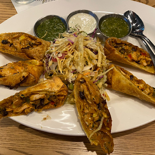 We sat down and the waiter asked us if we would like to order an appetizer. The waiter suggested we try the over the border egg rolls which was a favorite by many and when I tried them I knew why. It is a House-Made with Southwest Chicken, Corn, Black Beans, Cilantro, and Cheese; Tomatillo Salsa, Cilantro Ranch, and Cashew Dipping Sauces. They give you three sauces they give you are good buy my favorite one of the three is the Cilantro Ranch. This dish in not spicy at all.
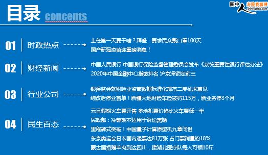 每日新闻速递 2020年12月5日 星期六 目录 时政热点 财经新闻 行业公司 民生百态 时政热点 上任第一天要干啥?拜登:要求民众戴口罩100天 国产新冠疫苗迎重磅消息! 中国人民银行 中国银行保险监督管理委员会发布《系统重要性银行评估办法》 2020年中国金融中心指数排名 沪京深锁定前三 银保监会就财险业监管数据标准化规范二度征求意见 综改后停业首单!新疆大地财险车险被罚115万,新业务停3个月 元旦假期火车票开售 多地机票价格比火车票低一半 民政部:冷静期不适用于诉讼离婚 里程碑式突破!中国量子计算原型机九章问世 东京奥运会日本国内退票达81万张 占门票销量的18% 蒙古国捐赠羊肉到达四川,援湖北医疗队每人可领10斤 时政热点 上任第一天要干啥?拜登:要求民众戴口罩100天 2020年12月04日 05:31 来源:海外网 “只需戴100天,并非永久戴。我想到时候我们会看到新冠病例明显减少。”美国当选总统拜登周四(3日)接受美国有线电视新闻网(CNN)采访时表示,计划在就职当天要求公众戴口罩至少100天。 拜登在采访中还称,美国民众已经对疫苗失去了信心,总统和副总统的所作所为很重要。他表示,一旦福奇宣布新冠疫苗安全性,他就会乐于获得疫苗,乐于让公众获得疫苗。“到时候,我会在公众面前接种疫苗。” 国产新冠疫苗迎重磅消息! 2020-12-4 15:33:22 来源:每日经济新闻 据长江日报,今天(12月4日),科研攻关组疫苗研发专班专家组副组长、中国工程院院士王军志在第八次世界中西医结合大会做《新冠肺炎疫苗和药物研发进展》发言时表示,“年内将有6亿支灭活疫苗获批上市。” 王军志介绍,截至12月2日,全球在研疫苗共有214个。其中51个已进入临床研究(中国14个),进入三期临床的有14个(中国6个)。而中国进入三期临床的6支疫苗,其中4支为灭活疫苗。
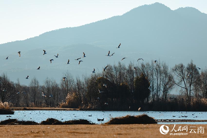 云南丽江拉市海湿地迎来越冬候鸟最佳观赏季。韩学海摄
==
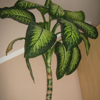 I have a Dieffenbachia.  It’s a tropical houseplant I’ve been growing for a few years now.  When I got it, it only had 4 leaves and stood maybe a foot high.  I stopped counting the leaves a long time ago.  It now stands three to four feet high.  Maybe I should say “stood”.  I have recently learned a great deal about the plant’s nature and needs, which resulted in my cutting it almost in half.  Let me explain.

#### Task description:
What's needed is an exact copy of the lines above from the one with "We sat down" through the one with "云南丽江拉市海湿地迎来越冬候鸟最佳观赏季。韩学海摄", both included; the pictures stay out.

#### Written solution:
 We sat down and the waiter asked us if we would like to order an appetizer. The waiter suggested we try the over the border egg rolls which was a favorite by many and when I tried them I knew why. It is a House-Made with Southwest Chicken, Corn, Black Beans, Cilantro, and Cheese; Tomatillo Salsa, Cilantro Ranch, and Cashew Dipping Sauces. They give you three sauces they give you are good buy my favorite one of the three is the Cilantro Ranch. This dish in not spicy at all.
 每日新闻速递 2020年12月5日 星期六 目录 时政热点 财经新闻 行业公司 民生百态 时政热点 上任第一天要干啥?拜登:要求民众戴口罩100天 国产新冠疫苗迎重磅消息! 中国人民银行 中国银行保险监督管理委员会发布《系统重要性银行评估办法》 2020年中国金融中心指数排名 沪京深锁定前三 银保监会就财险业监管数据标准化规范二度征求意见 综改后停业首单!新疆大地财险车险被罚115万,新业务停3个月 元旦假期火车票开售 多地机票价格比火车票低一半 民政部:冷静期不适用于诉讼离婚 里程碑式突破!中国量子计算原型机九章问世 东京奥运会日本国内退票达81万张 占门票销量的18% 蒙古国捐赠羊肉到达四川,援湖北医疗队每人可领10斤 时政热点 上任第一天要干啥?拜登:要求民众戴口罩100天 2020年12月04日 05:31 来源:海外网 “只需戴100天,并非永久戴。我想到时候我们会看到新冠病例明显减少。”美国当选总统拜登周四(3日)接受美国有线电视新闻网(CNN)采访时表示,计划在就职当天要求公众戴口罩至少100天。 拜登在采访中还称,美国民众已经对疫苗失去了信心,总统和副总统的所作所为很重要。他表示,一旦福奇宣布新冠疫苗安全性,他就会乐于获得疫苗,乐于让公众获得疫苗。“到时候,我会在公众面前接种疫苗。” 国产新冠疫苗迎重磅消息! 2020-12-4 15:33:22 来源:每日经济新闻 据长江日报,今天(12月4日),科研攻关组疫苗研发专班专家组副组长、中国工程院院士王军志在第八次世界中西医结合大会做《新冠肺炎疫苗和药物研发进展》发言时表示,“年内将有6亿支灭活疫苗获批上市。” 王军志介绍,截至12月2日,全球在研疫苗共有214个。其中51个已进入临床研究(中国14个),进入三期临床的有14个(中国6个)。而中国进入三期临床的6支疫苗,其中4支为灭活疫苗。
 云南丽江拉市海湿地迎来越冬候鸟最佳观赏季。韩学海摄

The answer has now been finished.